Content starts
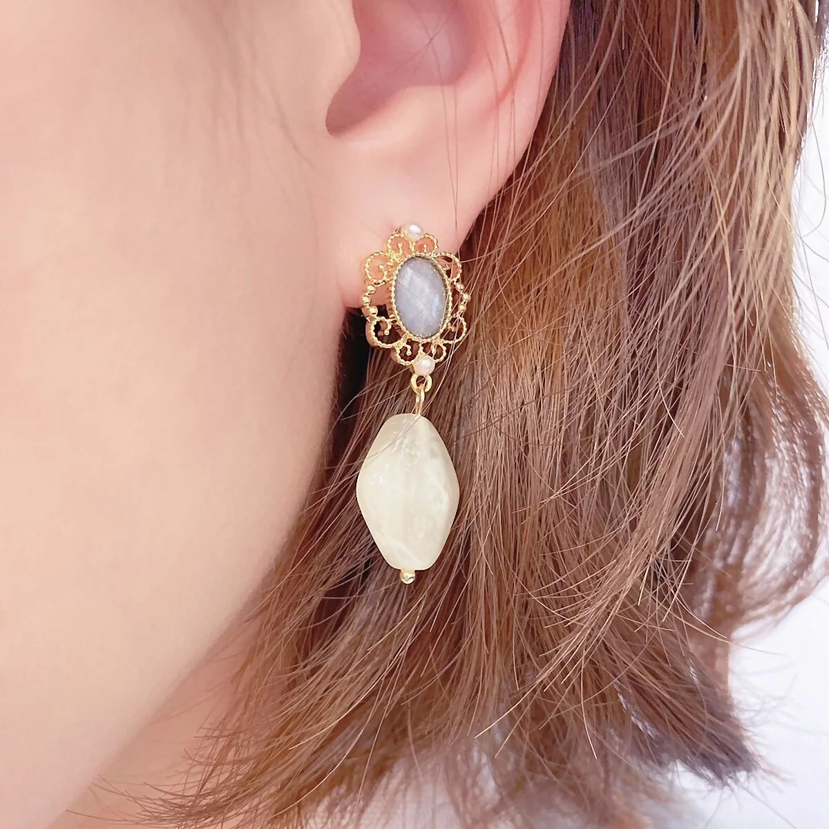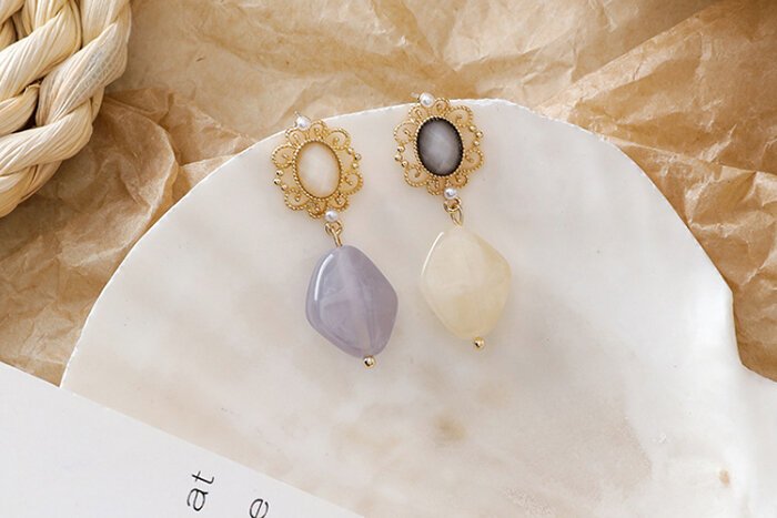 閱讀全文▶名稱/花邊寶石晶珠×不對稱吊墜耳環
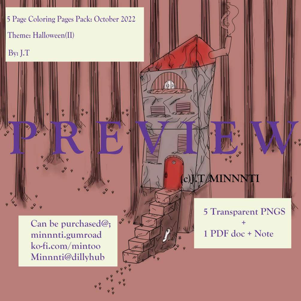This is my seventeenth coloring pages pack, made for October(2022). The theme is Halloween(II). Illustration pages contained in this pack are; cat witch, owl, pumpkin girl, spooky house and vampiress.
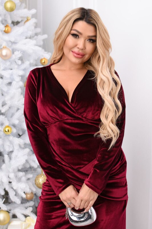 Елегантна приталена сукня із запахом, яка красиво підкреслює фігуру. Тканина — м’який еластичний бархат, що виглядає розкішно та забезпечує ідеальну посадку.
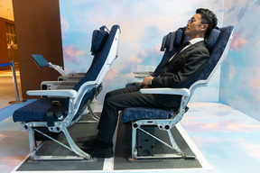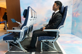 前後2席が向かい合わせになる(一方は機首に背中を向けて座る)という特徴はそのままに、シートピッチは103インチ(約2.6m)、フルフラット時の最大長は76.5インチ(約194cm)。横幅は41.5インチ(約105cm)、腰元は27.0インチ(約69cm)で、大柄な男性でも余裕を持って横になれるスペックを実現した。
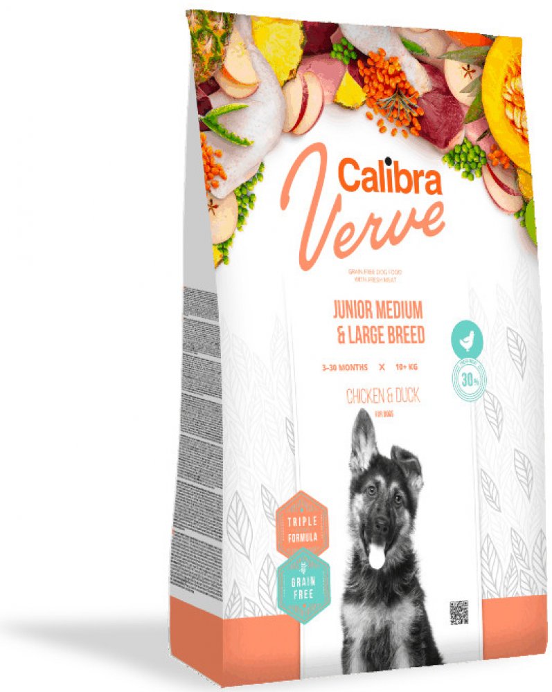 Calibra Dog Verve Junior Medium and Large Breed (Chicken & Duck) je kompletní suché krmivo s čerstvým masem a bez obilovin. Receptura je určená pro mladé psy ve věku 3-30 měsíců středních a velkých plemen s hmotností nad 10 kg.Vysoký obsah čerstvého kuřecího masa 30 % a kvalitní kachní protein je zárukou přirozeně výživné porce, která je v souladu s fyziologickými potřebami psa, potřebné pro správný růst a vývoj mladého organismu.Čerstvé maso je vysoce výživným zdrojem bílkovin, který se vyznačuje atraktivní chutí, a je vhodné i pro citlivé zažívání.Grain free receptura je skvěle stravitelná, obsahuje kvalitní zdroje proteinu, které jsou z 75 % živočišného původu, a také adekvátní množství sacharidů a vlákniny, je tudíž energeticky pečlivě vyvážená.Navíc obsahuje unikátní kombinaci vybraných funkčních aditiv. Tento jedinečný mix – Triple active formula zajistí ten správný efekt této receptury. TRIPLE ACTIVE FORMULAKořen čekanky – je zdrojem inulinu (rozpustné vlákniny s prebiotickou funkcí), podporuje procesy trávení.Ananas – bohatý zdroj minerálů, vitamínů a antioxidantů, obsahuje enzym bromelain. Ten patří do skupiny proteolytických enzymů – podporuje trávení a vykazuje protizánětlivé účinky.Rakytník – jeden z nejbohatších zdrojů bioaktivních látek (vitamínů, antioxidantů, esenciálních mastných kyselin). Podporuje imunitu, cirkulaci krve, trávení a metabolismus. Receptura je bez obilovin, lepku, kukuřice, umělých barviv a přidaných konzervantů, GMO. Složení: čerstvé vykostěné kuřecí maso (30 %), kachní protein (26 %), brambory (11 %), drůbeží tuk, hydrolyzovaný drůbeží protein (10 %), dýně (4 %), hrášek (2 %), hydrolyzovaná kuřecí játra (2 %), lososový olej (2 %), sušená jablečná dužina (2 %), kvasnice, prášek z čekankového kořene (0,2 %), sušený ananas (0,1 %), prebiotika (mannan-oligosacharidy 150 mg/kg, β-glukany 120 mg/kg, frukto-oligosacharidy 100 mg/kg), glukosamin (310 mg/kg), chondroitin sulfát (210 mg/kg), Yucca schidigera (100 mg/kg), sušený rakytník řešetlákový (100 mg/kg). Analytické složky: hrubý protein 34 %, hrubý tuk 17 %, hrubá vláknina 3 %, hrubý popel 7,8 % vlhkost 10 %, vápník 1,3 %, fosfor 1 %, sodík 0,4 %, hořčík 0,1 %, omega-3 mastné kyseliny 0,4 %, omega-6 mastné kyseliny 2,4 %, bílkoviny živočišného původu z celkového obsahu bílkovin 75 %. Metabolizovatelná energie: 3 830 kcal/kg.
Content ends
Your reply must match the data above line for line, except that it holds no pictures.

 閱讀全文▶名稱/花邊寶石晶珠×不對稱吊墜耳環
This is my seventeenth coloring pages pack, made for October(2022). The theme is Halloween(II). Illustration pages contained in this pack are; cat witch, owl, pumpkin girl, spooky house and vampiress.
 Елегантна приталена сукня із запахом, яка красиво підкреслює фігуру. Тканина — м’який еластичний бархат, що виглядає розкішно та забезпечує ідеальну посадку.
 前後2席が向かい合わせになる(一方は機首に背中を向けて座る)という特徴はそのままに、シートピッチは103インチ(約2.6m)、フルフラット時の最大長は76.5インチ(約194cm)。横幅は41.5インチ(約105cm)、腰元は27.0インチ(約69cm)で、大柄な男性でも余裕を持って横になれるスペックを実現した。
 Calibra Dog Verve Junior Medium and Large Breed (Chicken & Duck) je kompletní suché krmivo s čerstvým masem a bez obilovin. Receptura je určená pro mladé psy ve věku 3-30 měsíců středních a velkých plemen s hmotností nad 10 kg.Vysoký obsah čerstvého kuřecího masa 30 % a kvalitní kachní protein je zárukou přirozeně výživné porce, která je v souladu s fyziologickými potřebami psa, potřebné pro správný růst a vývoj mladého organismu.Čerstvé maso je vysoce výživným zdrojem bílkovin, který se vyznačuje atraktivní chutí, a je vhodné i pro citlivé zažívání.Grain free receptura je skvěle stravitelná, obsahuje kvalitní zdroje proteinu, které jsou z 75 % živočišného původu, a také adekvátní množství sacharidů a vlákniny, je tudíž energeticky pečlivě vyvážená.Navíc obsahuje unikátní kombinaci vybraných funkčních aditiv. Tento jedinečný mix – Triple active formula zajistí ten správný efekt této receptury. TRIPLE ACTIVE FORMULAKořen čekanky – je zdrojem inulinu (rozpustné vlákniny s prebiotickou funkcí), podporuje procesy trávení.Ananas – bohatý zdroj minerálů, vitamínů a antioxidantů, obsahuje enzym bromelain. Ten patří do skupiny proteolytických enzymů – podporuje trávení a vykazuje protizánětlivé účinky.Rakytník – jeden z nejbohatších zdrojů bioaktivních látek (vitamínů, antioxidantů, esenciálních mastných kyselin). Podporuje imunitu, cirkulaci krve, trávení a metabolismus. Receptura je bez obilovin, lepku, kukuřice, umělých barviv a přidaných konzervantů, GMO. Složení: čerstvé vykostěné kuřecí maso (30 %), kachní protein (26 %), brambory (11 %), drůbeží tuk, hydrolyzovaný drůbeží protein (10 %), dýně (4 %), hrášek (2 %), hydrolyzovaná kuřecí játra (2 %), lososový olej (2 %), sušená jablečná dužina (2 %), kvasnice, prášek z čekankového kořene (0,2 %), sušený ananas (0,1 %), prebiotika (mannan-oligosacharidy 150 mg/kg, β-glukany 120 mg/kg, frukto-oligosacharidy 100 mg/kg), glukosamin (310 mg/kg), chondroitin sulfát (210 mg/kg), Yucca schidigera (100 mg/kg), sušený rakytník řešetlákový (100 mg/kg). Analytické složky: hrubý protein 34 %, hrubý tuk 17 %, hrubá vláknina 3 %, hrubý popel 7,8 % vlhkost 10 %, vápník 1,3 %, fosfor 1 %, sodík 0,4 %, hořčík 0,1 %, omega-3 mastné kyseliny 0,4 %, omega-6 mastné kyseliny 2,4 %, bílkoviny živočišného původu z celkového obsahu bílkovin 75 %. Metabolizovatelná energie: 3 830 kcal/kg.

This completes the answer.